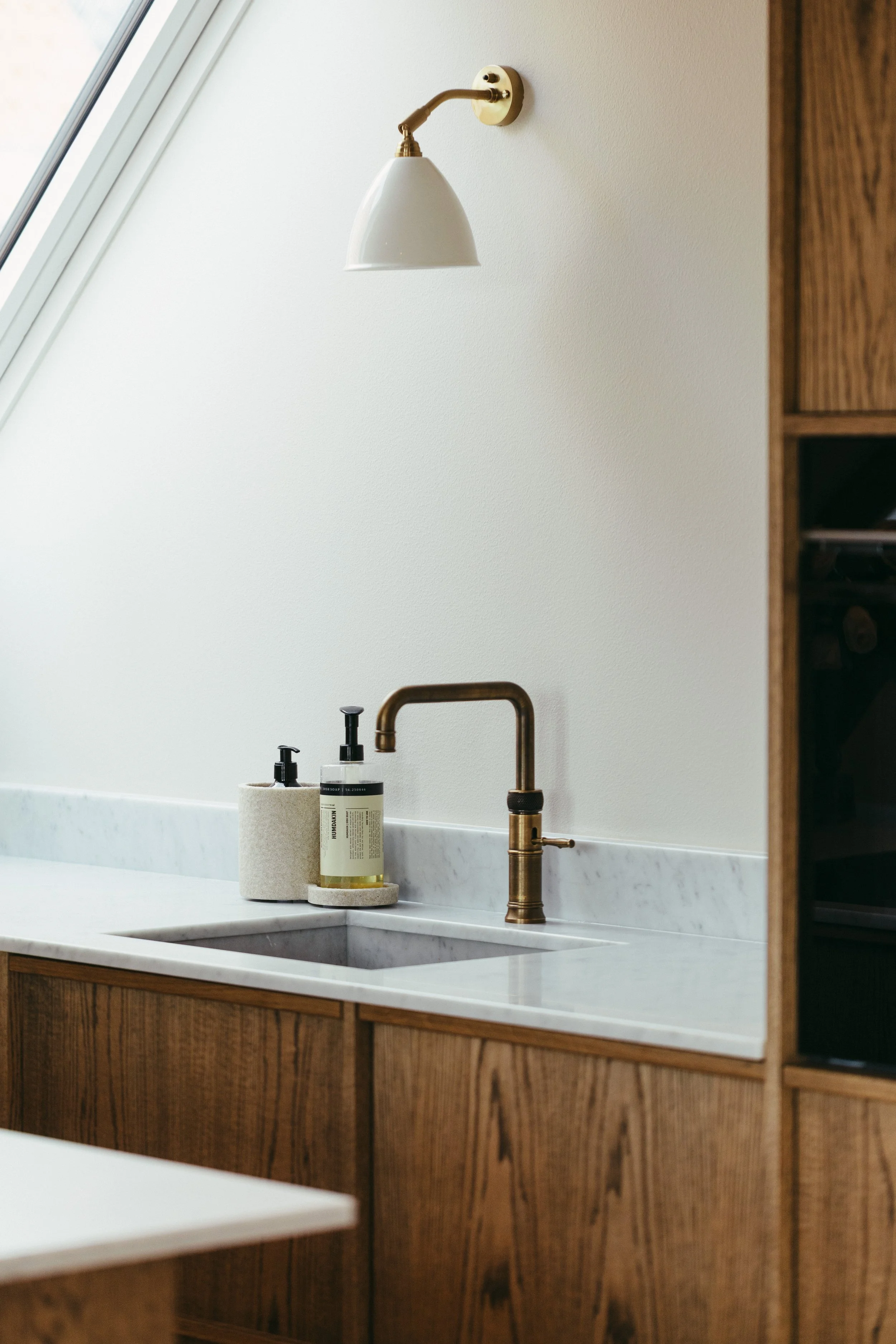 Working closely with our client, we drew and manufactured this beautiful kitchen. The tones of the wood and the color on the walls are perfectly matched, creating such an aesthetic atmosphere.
·····
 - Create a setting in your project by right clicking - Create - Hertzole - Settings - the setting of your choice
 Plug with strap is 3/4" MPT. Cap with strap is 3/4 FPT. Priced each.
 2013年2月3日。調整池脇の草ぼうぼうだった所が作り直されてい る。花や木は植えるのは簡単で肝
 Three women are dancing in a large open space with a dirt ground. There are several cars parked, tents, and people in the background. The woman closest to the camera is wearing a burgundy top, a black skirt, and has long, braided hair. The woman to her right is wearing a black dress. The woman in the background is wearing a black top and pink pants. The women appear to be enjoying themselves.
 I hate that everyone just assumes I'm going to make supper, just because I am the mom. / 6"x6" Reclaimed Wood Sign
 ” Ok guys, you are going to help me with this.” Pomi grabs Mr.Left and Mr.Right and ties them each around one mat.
·····
● **What needs to be done**
Go through the listing, find each line with the word "going", and copy it.

● **Solution**
 I hate that everyone just assumes I'm going to make supper, just because I am the mom. / 6"x6" Reclaimed Wood Sign
 ” Ok guys, you are going to help me with this.” Pomi grabs Mr.Left and Mr.Right and ties them each around one mat.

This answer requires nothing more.